▶ Assignment: Copy out each line of the entries where the word "India" is present.

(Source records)

• • • • • • •

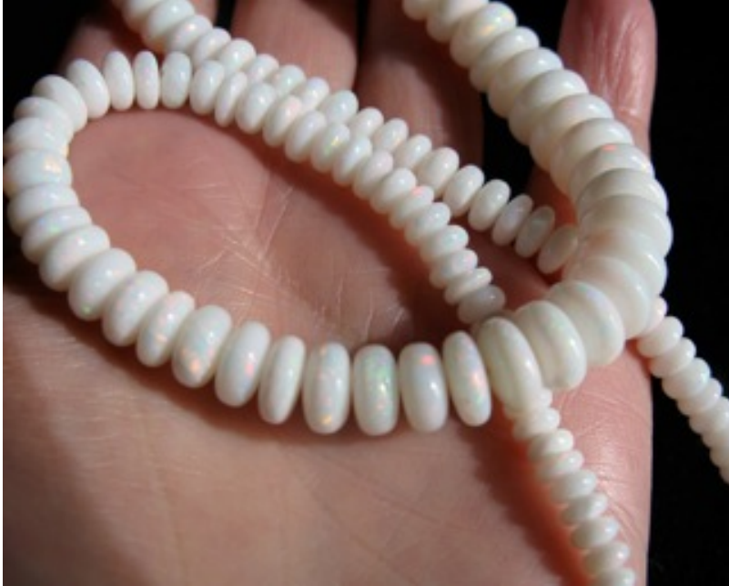
30. $2,750 IMG_9447 Mintubi White Base Reds & Greens 4-11mm rondel 135cts $15/ct
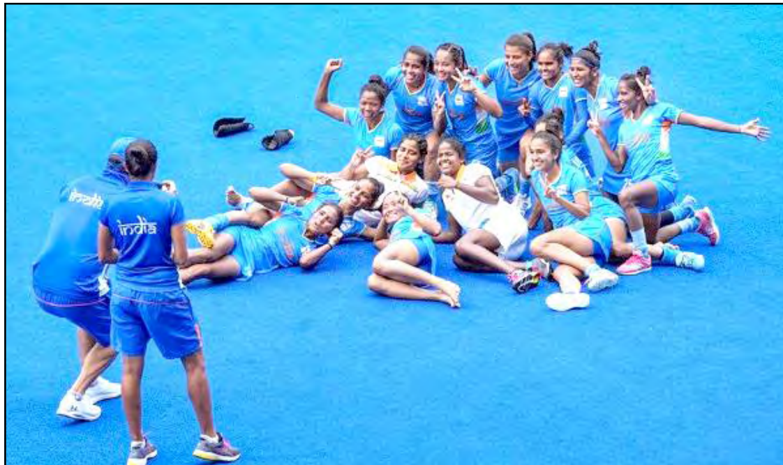
Tokyo Olympics tetsür hockey asaya quarter final asaya nung Australia team akokba sülen India tetsür team tangokba noksa nung angur.
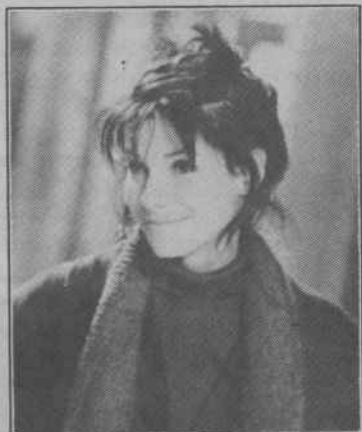
Hollywood Pictures CPU will show a free sneak preview of 'While You Were Sleeping' starring Sandra Bullock at 6 p.m.

"A Journey to Hindoostan: Romantic Views of India, 1780-1860" is on
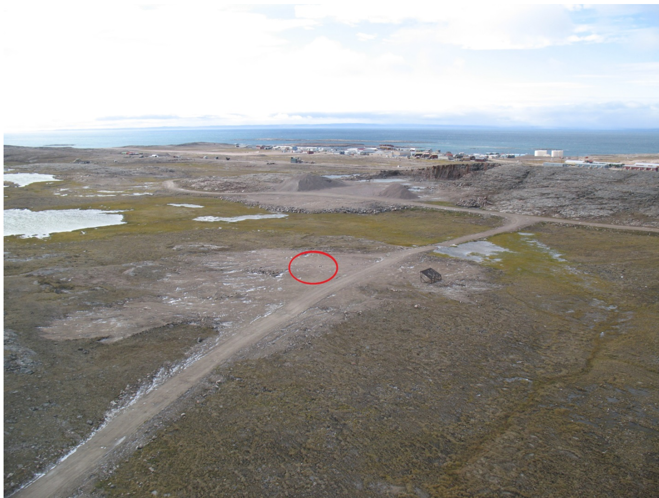
Photo taken from the air in the fall of the fuel storage site north east of Repulse Bay hamlet and airport (view looking south west).
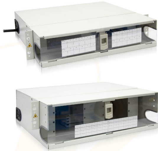
RACK MOUNT FIXED
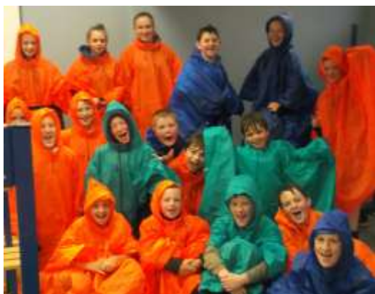
The ponchos came in handy for Tag Rugby in Activity Week when the weather was unkind!!

If your child has grown out of their uniform, please donate it to our recycled uniform scheme. Hand in to the school office.
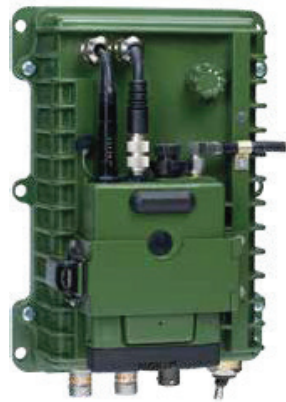
6160-PR mobil docking station
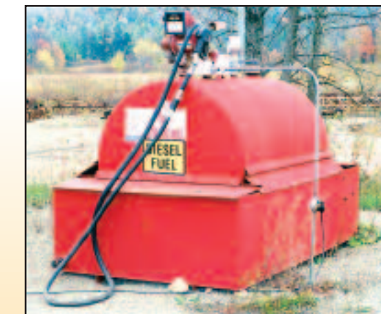
500 GALLON TANK

1958 FWD S750 Fire Truck • 1965 GMC Cab and Chassis • IHC 350 Hay Chopper • BALDERSON General Purpose Bucket • Spadenose Bucket with teeth • Approximately 30'x40' Steel Pole Building, with sheet metal siding and (1) door
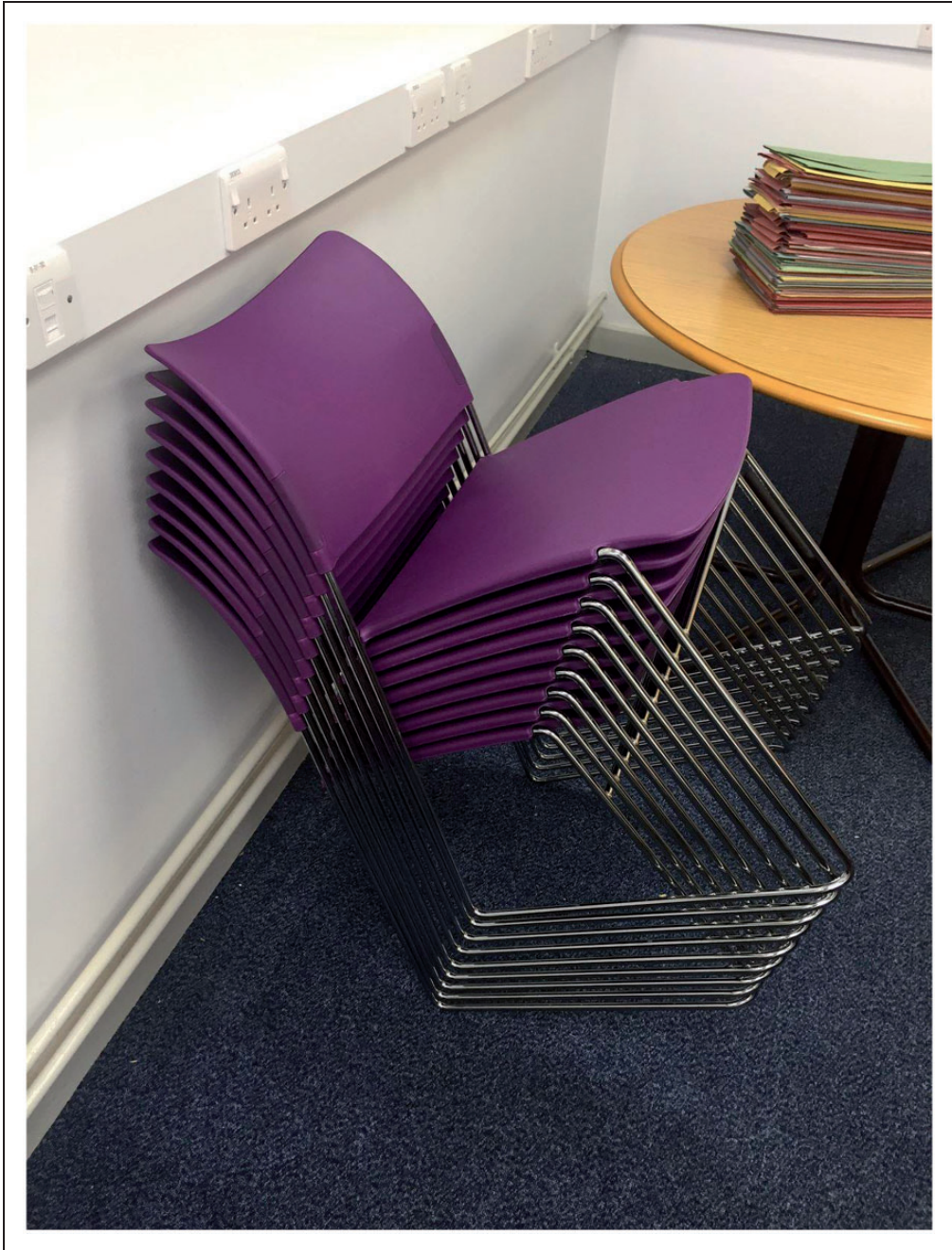
Figure 1. The stacking chairs.

The stimulus superficially calls to mind the Penrose triangle (Penrose & Penrose, 1958), the critical difference between the two being that the latter has no real-world interpretation (it is a paradoxical figure, and geometrically impossible), whereas the former does: A, B, C, D, E and F all being in roughly in the same vertical plane. But the misleading local three-dimensional
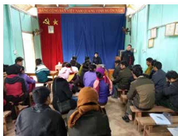
Public consultation in Dai Son Commune
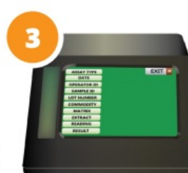
Read Results in Less Than 5 Seconds

• • • • • • •

▶ Output of the task:
Tokyo Olympics tetsür hockey asaya quarter final asaya nung Australia team akokba sülen India tetsür team tangokba noksa nung angur.
"A Journey to Hindoostan: Romantic Views of India, 1780-1860" is on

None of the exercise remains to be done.